Abstract

Objective: The Attention Network Test (ANT) assesses attention in terms of discrepancies between response times to items that differ in the burden they place on some facet of attention. However, simple arithmetic difference scores commonly used to capture these discrepancies fail to provide adequate control for information processing speed, leading to distorted findings when patient and control groups differ markedly in the speed with which they process and respond to stimulus information. This study examined attention networks in patients with multiple sclerosis (MS) using simple difference scores, proportional scores, and residualized scores that control for processing speed through statistical regression. Method: Patients with relapsing-remitting (N = 20) or secondary progressive (N = 20) MS and healthy controls (N = 40) of similar age, education, and gender completed the ANT. Results: Substantial differences between patients and controls were found on all measures of processing speed.
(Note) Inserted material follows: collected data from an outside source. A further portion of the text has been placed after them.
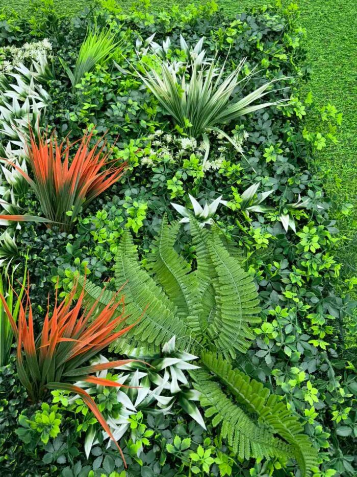 Dekorativno zelenilo Pratum je savršen izbor za svakoga ko želi unijeti prirodni izgled u svoj prostor bez potrebe za svakodnevnim održavanjem. Ovaj luksuzni panel sastoji se od pažljivo oblikovanih veštačkih listova u više nijansi zelene, upotpunjenih bijelim i crvenim akcentima za bogat, tropski izgled.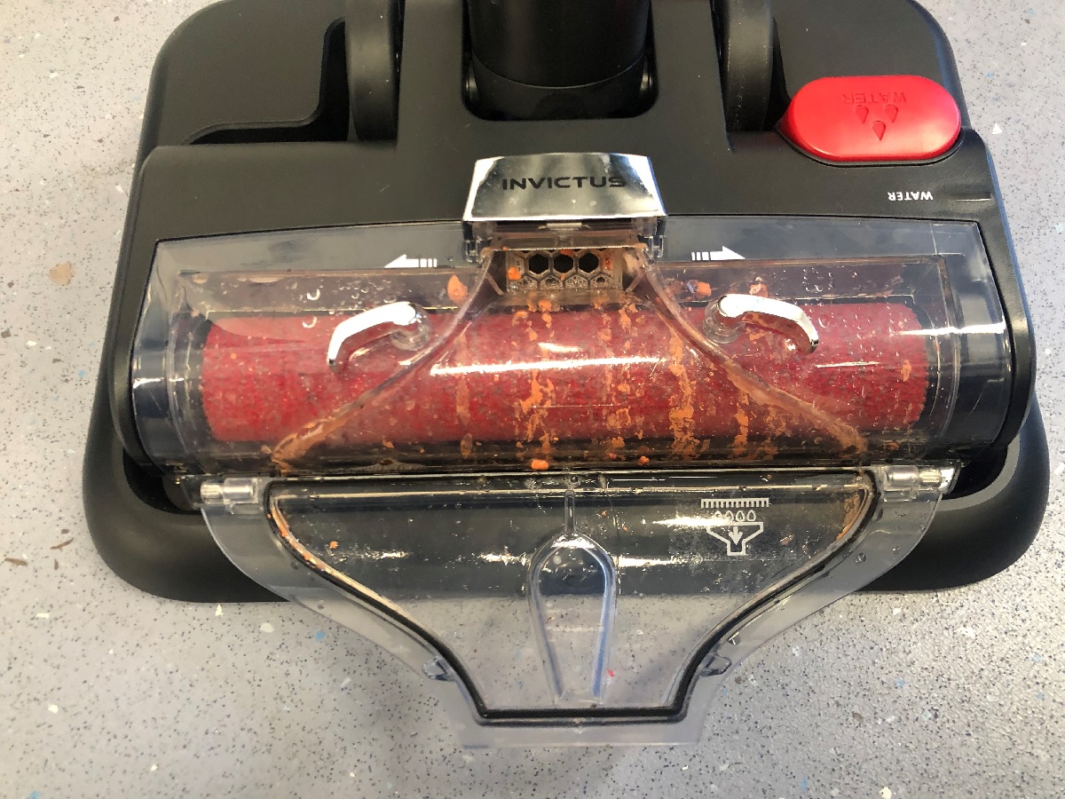 A spinning brush roll combines with the water to suck up spills, which then go into a dirty water compartment. That’s all fine until you realise you need to rinse off the brush roll on the supplied cleaning tray. And then you have to empty the dirty water from the tanks.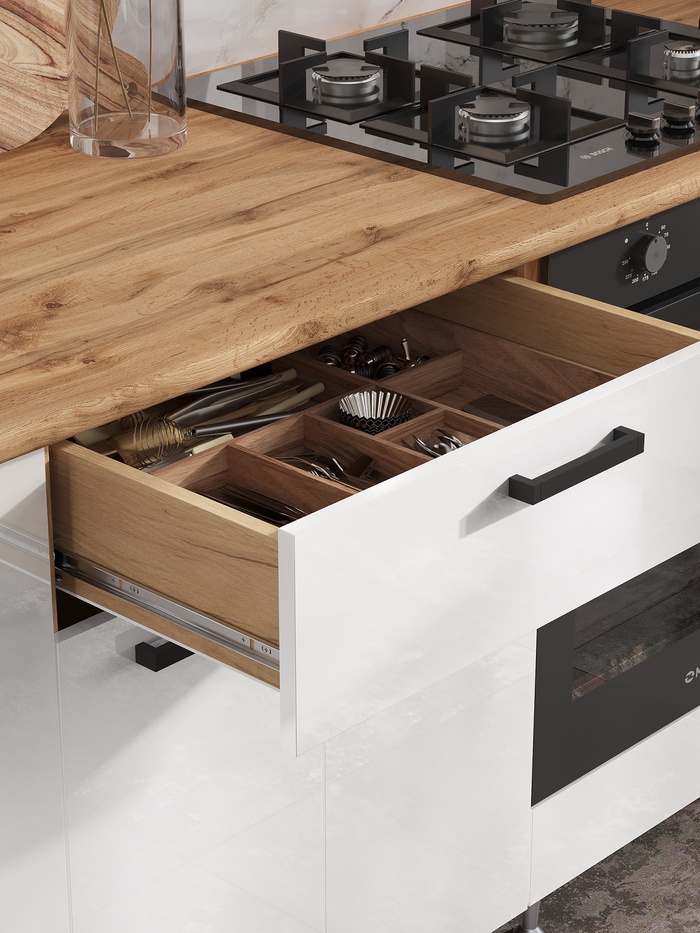 Можно использовать специальные органайзеры и лотки для столовых приборов, что позволяет рационально использовать место и хранить приборы в порядке и чистоте. Шариковые направляющие обеспечивают полное и бесшумное открывание ящиков, облегчая ежедневное пользование.

Patients exhibited difficulties in the executive control network, but only when difference scores were considered. When deficits in information processing speed were adequately controlled using proportional or residualized score, deficits in the alerting network emerged. The effect sizes for these deficits were notably smaller than those for overall information processing speed and were also limited to patients with secondary progressive MS. Conclusions: Deficits in processing speed are more prominent in MS than those involving attention, and when the former are properly accounted for, differences in the latter are confined to the alerting network.